This isn't an attack on your practice. It's five short essays that name things experienced teachers have already observed — and explain the mechanism behind each one. No jargon. No citations in the text. Just the clearest description I can give of how learning actually works and why conventional instruction often doesn't.
Written by Gregory Stuart Lacefield — who built a pedagogical framework independently from seven years of direct classroom observation, without access to the academic literature, and later found that the research had been saying the same things for decades.
When a student fails at algebra, the natural assumption is that they have an algebra problem. So you reteach the algebra. You try a different explanation, a different approach, more practice problems. Sometimes it works. Often it doesn't — and you can't explain why, because the student seems to understand when you walk them through it but falls apart the moment they try it alone.
Here is what is usually actually happening: the student doesn't have an algebra problem. They have a problem at a concept that algebra depends on — something foundational that was never built correctly, or was built incorrectly, years earlier.

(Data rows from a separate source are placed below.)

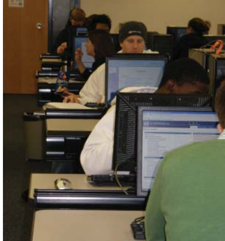
Students using the Timberwolf Learning Resource Center in lower Strosacker

a. Know yourself. When are you most energetic and alert? Plan to do the bulk of your studying during those times, especially in your more difficult subjects.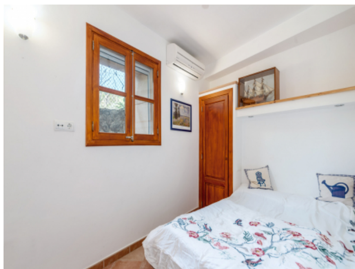
Bedroom with A/C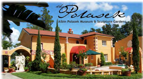
Albin Polasek Museum & Sculpture Gardens 633 Osceola Ave., Winter Park, Florida 32789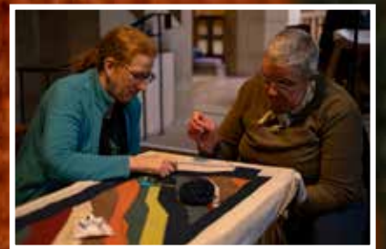
The cover images are examples of the work of the Stitching@Bradford Cathedral group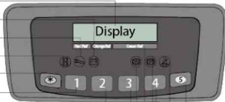
ZAPI standard type meter (for GC2R model)

The reliable special instrument gives a complete display of the vital information, like operation status, fault detection, etc. It ensures the operator predominate the vehicle status more intuitive and convenient.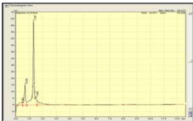
Fig. 2: HPLC chromatogram of standard \beta -sitosterol

The algebra failure is the symptom. The cause is somewhere upstream, invisible to a teacher focused on the current curriculum.
In seven years of teaching GED mathematics to adults who had failed in traditional classrooms, I saw this pattern more times than I can count. A student who couldn't solve a linear equation wasn't confused about algebra. They were confused about what an equals sign means. Not as an abstract philosophical question — concretely, operationally, in the moment of solving: they read the equals sign as "the answer goes here" rather than as a statement that two expressions represent the same quantity. Every algebraic operation they attempted was built on that broken foundation. No amount of algebra instruction was going to fix an equals-sign problem.

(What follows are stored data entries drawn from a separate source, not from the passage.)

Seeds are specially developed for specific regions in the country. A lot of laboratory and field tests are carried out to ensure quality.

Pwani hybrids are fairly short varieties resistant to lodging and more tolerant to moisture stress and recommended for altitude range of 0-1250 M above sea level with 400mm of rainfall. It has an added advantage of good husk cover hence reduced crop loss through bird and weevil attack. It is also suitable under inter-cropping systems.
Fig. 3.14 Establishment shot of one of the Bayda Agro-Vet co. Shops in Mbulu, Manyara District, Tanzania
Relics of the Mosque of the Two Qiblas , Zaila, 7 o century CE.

The failure shows up at the level you're teaching. The cause lives at the level below it — sometimes several levels below.

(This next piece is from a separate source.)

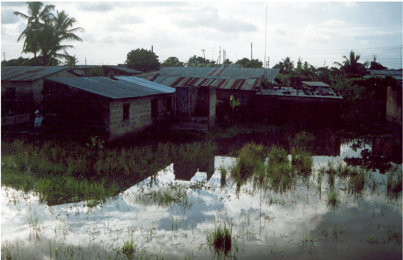
Figure 6 Examples of flooded areas in the poorly planned settlements of Vingunguti in Ilala municipality, Dar es Salaam, Tanzania.

ideal for delivering community-based vector control interventions [15,34,39,87]. This degree of autonomy enabled Ilala Municipal Council to independently conceive, fund and implement a community-based mosquito surveillance programme as an entirely local initiative in early 2002. Supplementing ongoing programmes for social marketing of ITNs and improved access to effective diagnosis and treatment [88], teams of community members were recruited to map and characterize the extensive breeding sites provided by intensive urban agriculture and poorly planned settlement (Figure 6) which abound in Dar es Salaam [76,89] and many other African cities [19,20,90-93]. Weekly surveys for larval and adult mosquitoes were piloted in 7 of the 22 wards of Ilala Municipality as a preliminary step towards IVM by larviciding and environmental management. Furthermore, all three municipal councils had actively promoted a variety of locality-specific community-based environmental management schemes such as trench digging and collection of solid waste refuse to prevent obstruction of such drains (Figure 7). In June 2003 the City Medical Office of Health (CMOH) convened a stakeholders meeting for all con-

This is what I came to call the schema floor — the highest level at which a student's understanding is genuinely sound enough to build on. Everything above it is unstable. It looks like understanding, because the student has learned to approximate the right behaviors. But it collapses under novel conditions, under pressure, under any problem that doesn't look exactly like the examples they practiced.
The practical implication for teaching is uncomfortable: the student in front of you who is failing the current material needs instruction that starts below the current material. Not remediation in the pejorative sense — systematic diagnosis of where the understanding is actually sound and where it isn't, followed by building from there. The current curriculum is irrelevant until the floor is found.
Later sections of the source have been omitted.